◆ PROVIDED ENTRIES:
══════════════════════════════

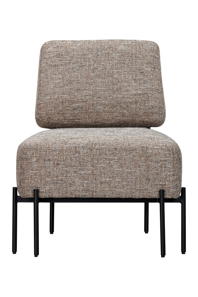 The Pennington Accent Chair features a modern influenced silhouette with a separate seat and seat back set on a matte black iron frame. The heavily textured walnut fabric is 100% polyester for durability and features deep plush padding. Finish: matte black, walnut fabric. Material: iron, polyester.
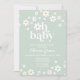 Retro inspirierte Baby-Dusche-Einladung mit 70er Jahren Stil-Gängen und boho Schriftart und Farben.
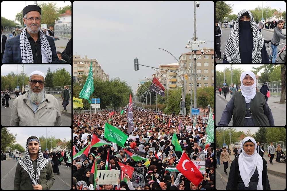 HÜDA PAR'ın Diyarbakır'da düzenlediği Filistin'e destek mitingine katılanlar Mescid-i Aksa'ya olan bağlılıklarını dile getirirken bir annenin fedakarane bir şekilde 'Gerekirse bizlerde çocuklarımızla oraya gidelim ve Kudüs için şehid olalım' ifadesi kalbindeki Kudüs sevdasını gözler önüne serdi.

══════════════════════════════

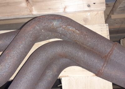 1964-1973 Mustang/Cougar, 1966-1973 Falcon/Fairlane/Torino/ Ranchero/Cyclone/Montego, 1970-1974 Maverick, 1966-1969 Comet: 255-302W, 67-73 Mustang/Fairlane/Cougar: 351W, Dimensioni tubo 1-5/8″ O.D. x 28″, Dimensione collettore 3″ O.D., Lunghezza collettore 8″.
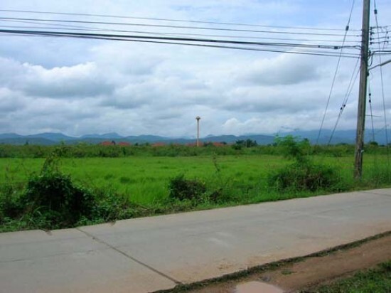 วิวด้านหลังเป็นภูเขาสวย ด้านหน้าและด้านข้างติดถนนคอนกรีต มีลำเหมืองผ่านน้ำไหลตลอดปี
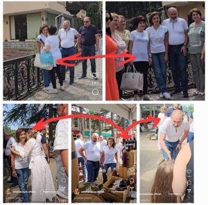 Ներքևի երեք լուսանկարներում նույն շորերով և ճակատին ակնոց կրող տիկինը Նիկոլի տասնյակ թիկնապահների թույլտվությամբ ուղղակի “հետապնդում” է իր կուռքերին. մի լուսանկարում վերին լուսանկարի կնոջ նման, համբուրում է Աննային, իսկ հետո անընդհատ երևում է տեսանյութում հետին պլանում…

══════════════════════════════

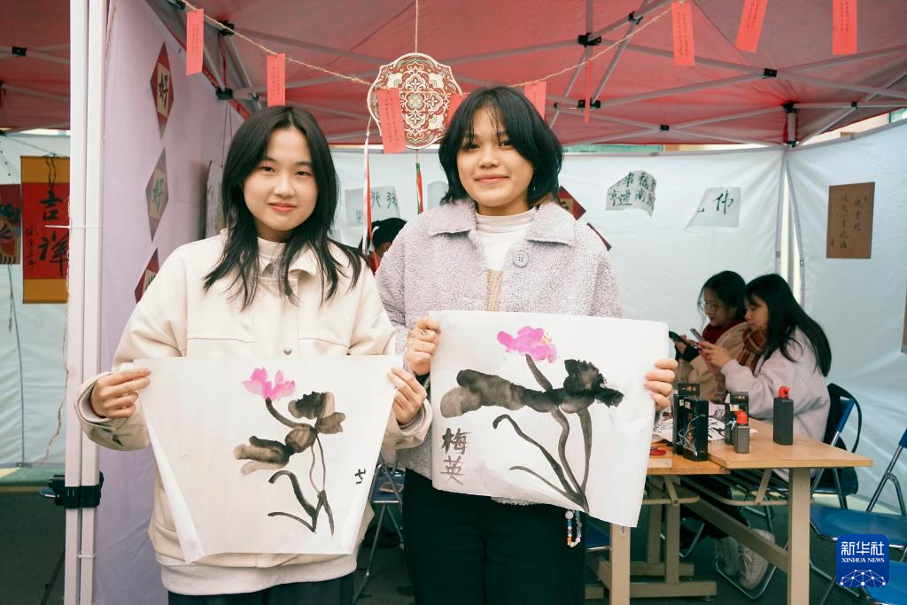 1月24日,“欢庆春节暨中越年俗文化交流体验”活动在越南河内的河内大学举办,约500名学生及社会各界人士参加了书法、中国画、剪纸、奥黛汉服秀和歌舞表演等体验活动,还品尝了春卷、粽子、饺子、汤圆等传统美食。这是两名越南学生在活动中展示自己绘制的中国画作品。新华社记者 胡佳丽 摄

══════════════════════════════

◆ PROBLEM TO WORK ON:
In the records above, find the line containing "Retro inspirierte Baby-Dusche-Einladung" and the line containing "HÜDA PAR'ın Diyarbakır'da", then give both of them again word for word along with every line between. Omit any pictures.

◆ ANSWER SECTION:
 Retro inspirierte Baby-Dusche-Einladung mit 70er Jahren Stil-Gängen und boho Schriftart und Farben.
 HÜDA PAR'ın Diyarbakır'da düzenlediği Filistin'e destek mitingine katılanlar Mescid-i Aksa'ya olan bağlılıklarını dile getirirken bir annenin fedakarane bir şekilde 'Gerekirse bizlerde çocuklarımızla oraya gidelim ve Kudüs için şehid olalım' ifadesi kalbindeki Kudüs sevdasını gözler önüne serdi.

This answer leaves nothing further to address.